Hi Tom and Mark, thanks for the support.

I afraid this cpu is damaged, even if it would be very strange.

This is the brief init code i am running loading stuff by BDM, after rambar init now at 0x20000001

_start:
	nop
	nop
	move.w	#0x2700, %sr

	/*
	 * At reset IPSBAR is set to 0x40000000
	 * IPSBAR + 0 = IPSBAR
	 * IPSBAR + 8 = RAMBAR
	 */
	move.l  #(CONFIG_IPSBAR + 1), %d0
	move.l  %d0, 0x40000000

	/* setting RAMBAR always to iternal sram start */
	/* move.l	#(CONFIG_INIT_RAM_ADDR + 0x221), %d0 */
	move.l	#(CONFIG_INIT_RAM_ADDR + 0x1), %d0
	movec	%d0, %rambar
	/* second rambar */
	move.l	%d0, 0x40000008

	/* vector table from sram */
	move.l	#0x20000000, %d0
	movec	%d0, %vbr

	move.l	#(CONFIG_SYS_FLASH_BASE + 0x21), %d0
	movec	%d0, %FLASHBAR

	/* initialize general use internal ram */
	move.l	#0, %d0
	move.l	#(ICACHE_STATUS), %a1
	move.l	#(DCACHE_STATUS), %a2
	move.l	%d0, (%a1)
	move.l	%d0, (%a2)

	/* set stackpointer to end of internal ram to get some stackspace for
	   the first c-code */
	move.l	#(CONFIG_INIT_RAM_ADDR + CONFIG_INIT_RAM_SIZE - 8), %sp

	 /* prepare stack and frame-pointers */
	move.l  %sp, -(%sp)
	move.l  %sp, %fp

	/* Now clear BSS segment in sram
	 */
	move.l  #_sbss, %a1
	move.l  #_ebss, %d1
6:
	clr.l   (%a1)+
	cmp.l   %a1,%d1
	bgt.s   6b

	move.l	#__main, %a0
	jsr	(%a0)

Then code at main

20000a8a <__main>:
20000a8a:       4fef ffd8       lea %sp@(-40),%sp
20000a8e:       48d7 7c7c       moveml %d2-%d6/%a2-%fp,%sp@

it's really strange a line-f exception, this is why i suspect in some hw issue.

Board is that mcf5282evb rev 1.1 from DigitalDNA

TomE · ‎10-14-2024

You don't need to write to the Core RAMBAR again.
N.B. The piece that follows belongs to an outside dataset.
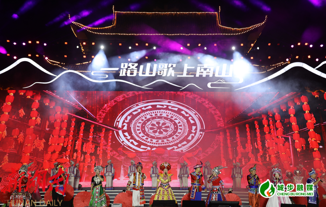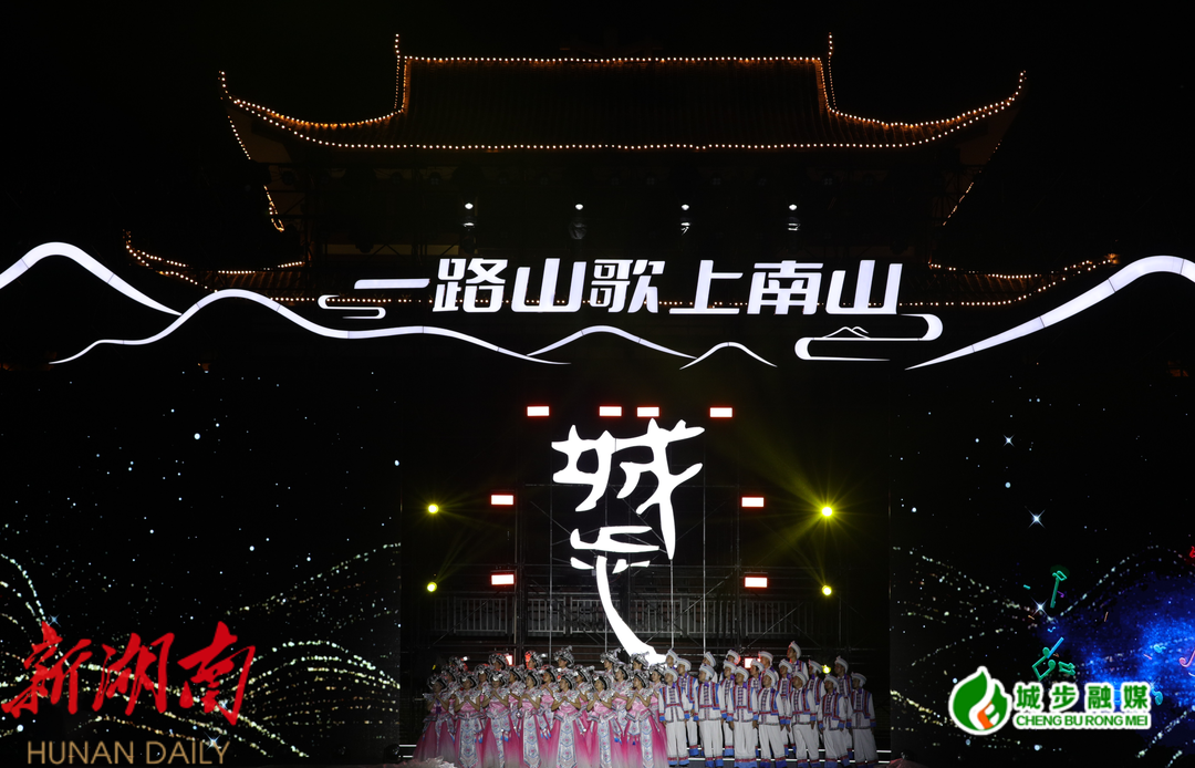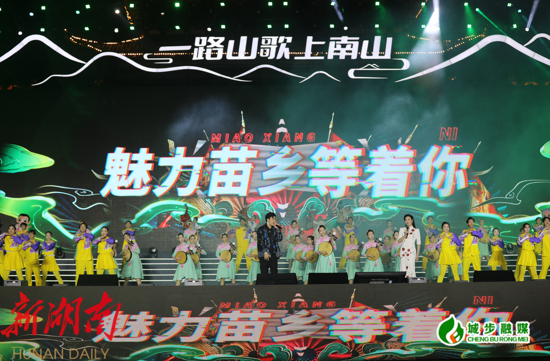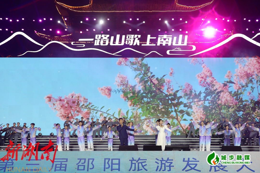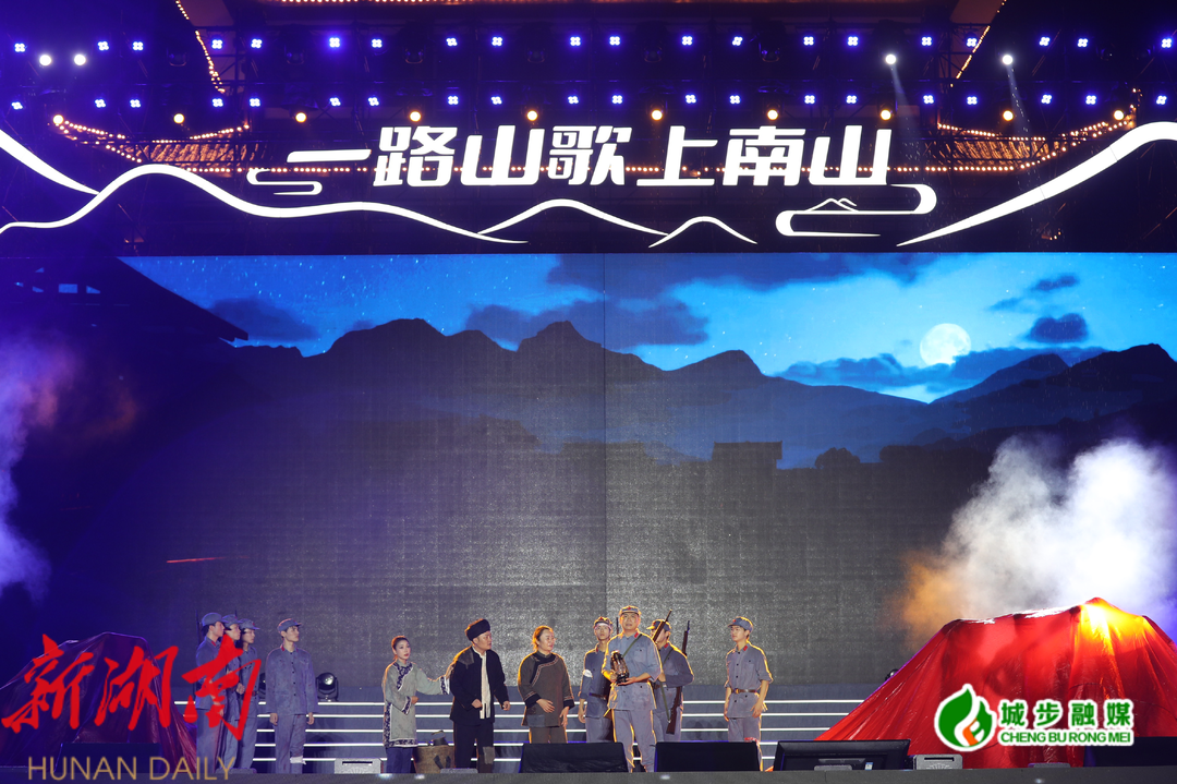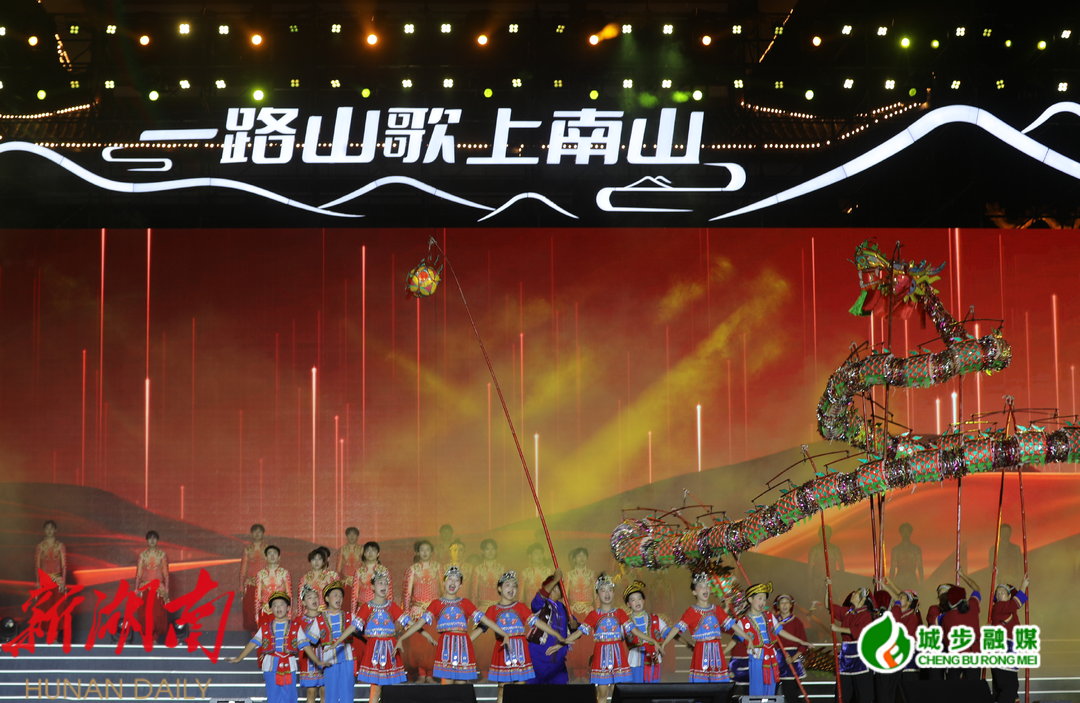 随后举行的文艺演出为大型民族歌舞剧,共分“苗刻·远古之歌”“将征·英雄之歌”“喊山·天籁之歌”“红传·革命之歌”“宝庆·邵阳之歌”“龙腾·时代之歌”六个篇章。演出以城步山歌“起源、发展、升华、传承、融合”的发展脉络为时间线,融入城步独有的非遗人文、历史石刻、红色记忆、自然景观等元素,开启了一场跨越千年的民族交融之旅,展现了苗乡各民族从“刀耕火种”到共建中国式现代化的历程,为观众带来了一场震撼心灵的视听盛宴。

But I guess this code is meant to also run in Flash, in which case it does need to do that.

The value written to the second RAMBAR is slightly wrong. It doesn't have a "Valid" bit. It should matter (bits are "reserved, should be zero). The second RAMBAR is only needed to be set up for DMA access to the SRAM to work.

If your code is getting all the way to the call to _main, then pretty much everything is working.

Do you have vectors set up? Do you have vectors set up to trap the exceptions? Or is the BDM debugger helpfully set up to trap the exceptions for you and tell you what happened? Even if it is doing that, the CPU should have stored an Exception Frame.

If you can get the F-Line Exception to fully trigger, then it writes a detailed exception frame on the stack. This is detailed in section 2.3.3.1. Decode it or post the stack frame.

The Reference Manual details the frame, but not very well and not well enough to decode it. Get the "Coldfire Family Programmer's Reference Manual" (usually "CFPRM.pdf"). Read the "Exception Processing" chapter.

"F Line" means an illegal instruction with all-ones in the top four bits. Somehow the CPU is fetching that. From somewhere. Possibly not from where you think it was. Make sure you scatter breakpoints ahead of where you think the code is going in case it gets away from you.

The CPU isn't broken. It's executing a lot of code OK. You're also running all this code within the CPU, so the rest of the dev board doesn't matter. As long as the CPU has power and a clock it'll run.

Good luck

Tom

TomE · ‎10-12-2024

Mike is right. You RAMBAR setup is disabling User Data and CPU Space access to the SRAM. But I don't think that's your problem. The LEA instruction is accessing the Stack, but nowhere in your post do you say you initialised the Stack Pointer. You need to set the SP to somewhere in SRAM, usually at the top (0x2000FFFE for 64k SRAM).

Hui_Ma · ‎10-11-2024

Hi,

Could you try to initializating set RAMBAR = 0x20000001?

Then could ou check if there still has this line-f exception.

Mike